_Items from a data source_
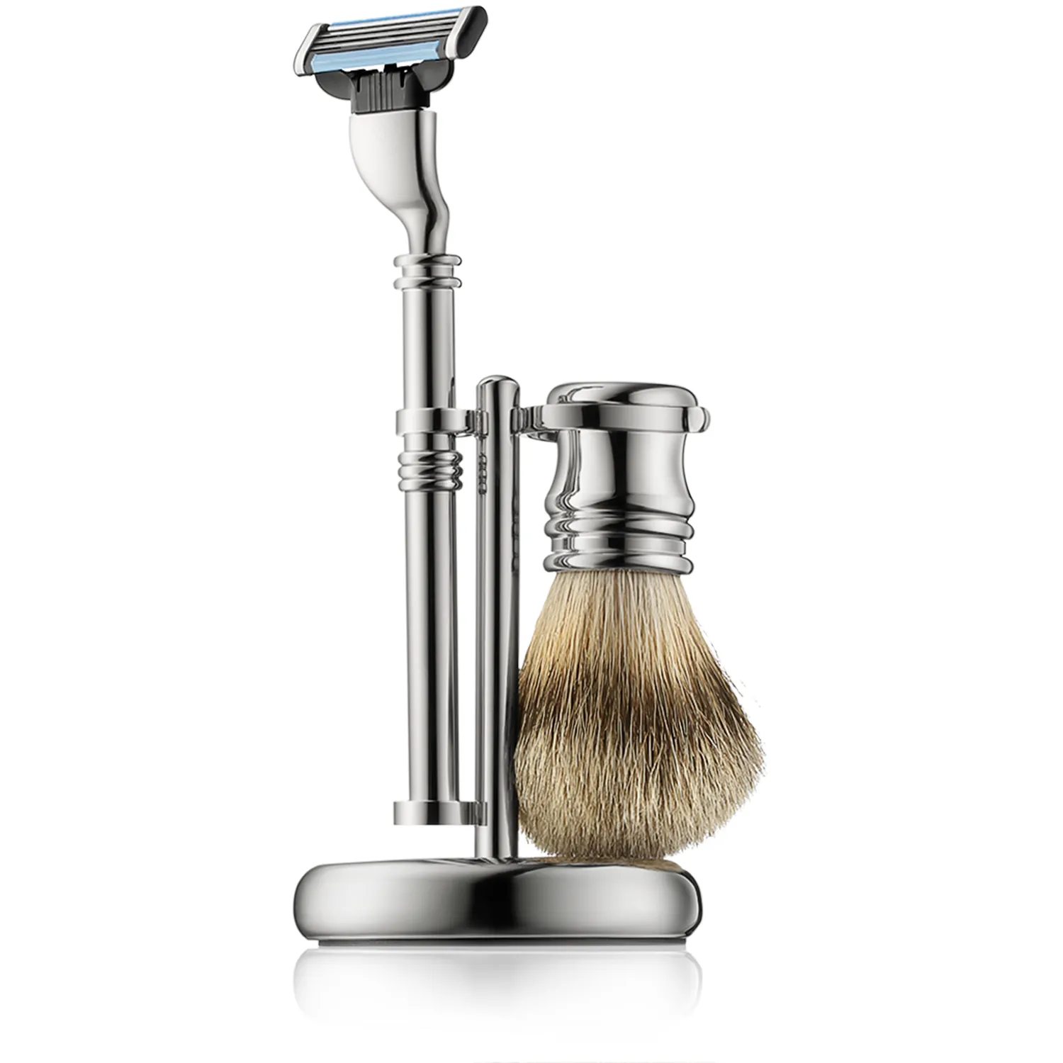 Golddachs Rasier-Sets Rasierset silber mit Dachs-Zupfhaar (3-teilig)
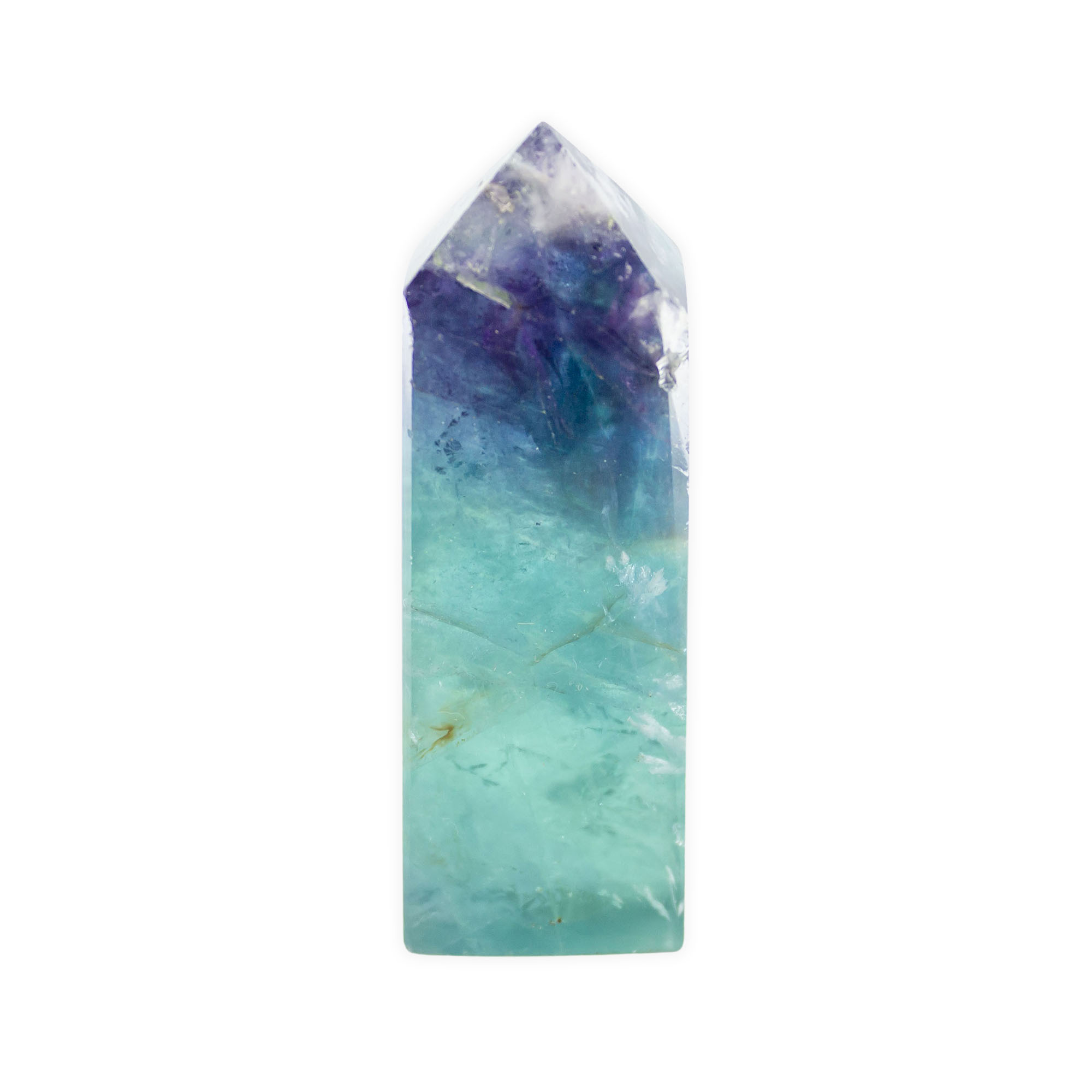 Description: Feather Fluorite Point. Feather Fluorite is a variety of Fluorite, forms in a wide variety of hues, typically purple, green, yellow, blue, and pure form – colorless. It is composed of calcium fluoride and is a member of the Halide family.
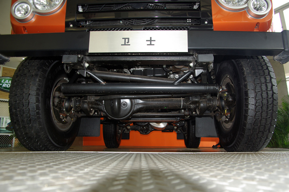 ????路虎衛(wèi)士賴以生存的是其硬派的機(jī)械本性,其非承載式的大梁及前后硬軸,以及帶低速檔的分動(dòng)箱,都是衛(wèi)士野外生存適應(yīng)能力的保證。
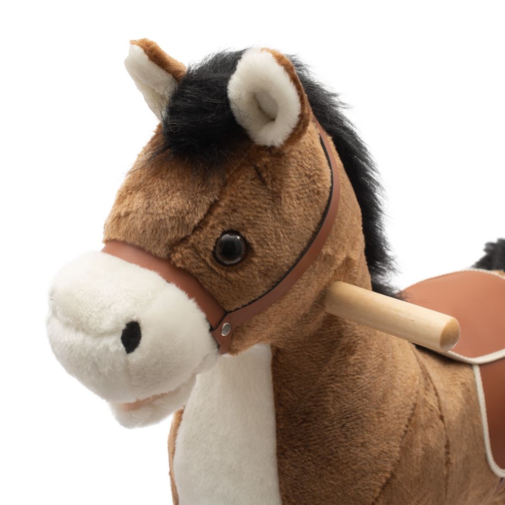 Krásný houpací koník PlayTo byl navržen pro děti, které mají rády houpání a dobrodružství. Je vyroben z hebkého a velmi příjemného na dotyk plyšového materiálu. Po stisknutí ouška koník pohybuje tlamičkou a přehraje českou písničku "Prší, prší, jen se leje" nebo po stisknutí druhého ouška slovenskou verzi "Prší, prší, len sa leje". Baterie se vkládají do pouzdra umístěného na bříšku. Hračka pomáhá dítěti rozvíjet koordinaci pohybů a podňecuje jeho představivost. Houpací lišty lze jednoduše odšroubovat.
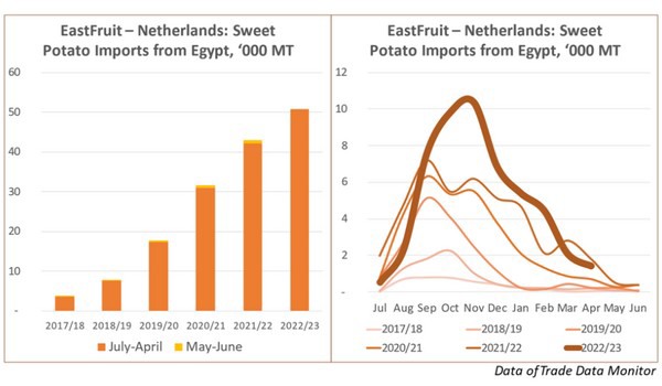 In 2021/22 exporteerde Egypte 42.000 ton zoete aardappelen naar Nederland, terwijl de export in de eerste negen maanden van het huidige seizoen al 51.000 ton bereikte. Maar aangezien de export in mei-juni meestal vrij laag is, zal het eindresultaat niet wezenlijk meer veranderen.

_Exercise_
Each record above must be set down again unchanged, with its pictures left out.

_Task response_
 Golddachs Rasier-Sets Rasierset silber mit Dachs-Zupfhaar (3-teilig)
 Description: Feather Fluorite Point. Feather Fluorite is a variety of Fluorite, forms in a wide variety of hues, typically purple, green, yellow, blue, and pure form – colorless. It is composed of calcium fluoride and is a member of the Halide family.
 ????路虎衛(wèi)士賴以生存的是其硬派的機(jī)械本性,其非承載式的大梁及前后硬軸,以及帶低速檔的分動(dòng)箱,都是衛(wèi)士野外生存適應(yīng)能力的保證。
 Krásný houpací koník PlayTo byl navržen pro děti, které mají rády houpání a dobrodružství. Je vyroben z hebkého a velmi příjemného na dotyk plyšového materiálu. Po stisknutí ouška koník pohybuje tlamičkou a přehraje českou písničku "Prší, prší, jen se leje" nebo po stisknutí druhého ouška slovenskou verzi "Prší, prší, len sa leje". Baterie se vkládají do pouzdra umístěného na bříšku. Hračka pomáhá dítěti rozvíjet koordinaci pohybů a podňecuje jeho představivost. Houpací lišty lze jednoduše odšroubovat.
 In 2021/22 exporteerde Egypte 42.000 ton zoete aardappelen naar Nederland, terwijl de export in de eerste negen maanden van het huidige seizoen al 51.000 ton bereikte. Maar aangezien de export in mei-juni meestal vrij laag is, zal het eindresultaat niet wezenlijk meer veranderen.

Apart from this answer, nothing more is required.